Now sure what post-processing your model requires, so not sure if DeepStream supports it already.

Can you provide more info about your model, otherwise, it’s hard to say anything likely, unlikely… etc ?
Or, DS doc has explained the meaning and usage of the nvinfer parameters, you could go through by cross-checking your models.

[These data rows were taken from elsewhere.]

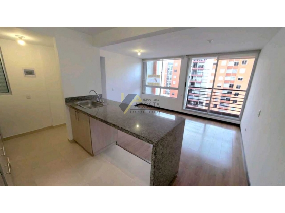 Área de 66 M2 en un 8 piso vista interior con ascensor, consta de sala comedor con balcón, cocina integral, zona de lavandería, tres habitaciones, dos baños, estudio y parqueadero cubierto.
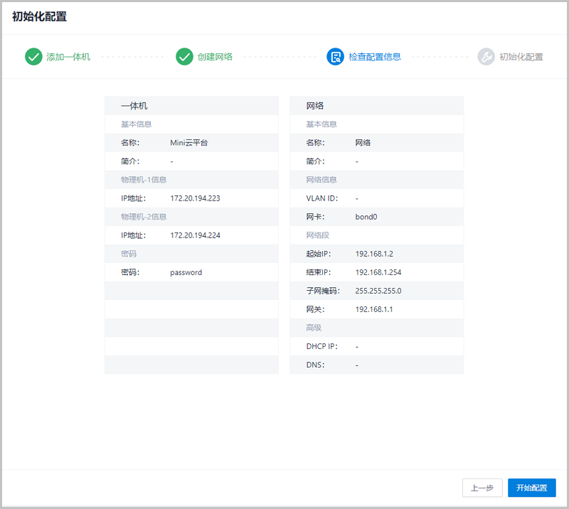 检查无误后点击开始配置,ZStack Mini将自动开始初始化配置。
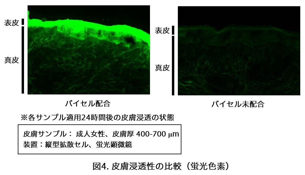 一般的に皮膚に浸透し難いと言われている水溶性成分二種を用いて、ナチュラルバイセルによる皮膚浸透作用を評価しました。ヒト皮膚を用いてカフェインの浸透性を評価した結果、ナチュラルバイセル配合条件下では、カフェインの浸透性を向上させることが確認されました(図3)。また、水溶性蛍光色素を用いて、同様に浸透性を評価した結果、ナチュラルバイセル配合条件下では、真皮まで浸透していることが確認されました(図4)。

one parameter has been retrieved from the model supplier:
num_classes is like =1
it seems there are still many parameters to find out?

yes, you need to get them outside of the model itself

@mchi
Will it be easier to incorporate into DeeppStream the following solution? Given the sources are provided as is in the documentation below? Would you be able to help with such implementation?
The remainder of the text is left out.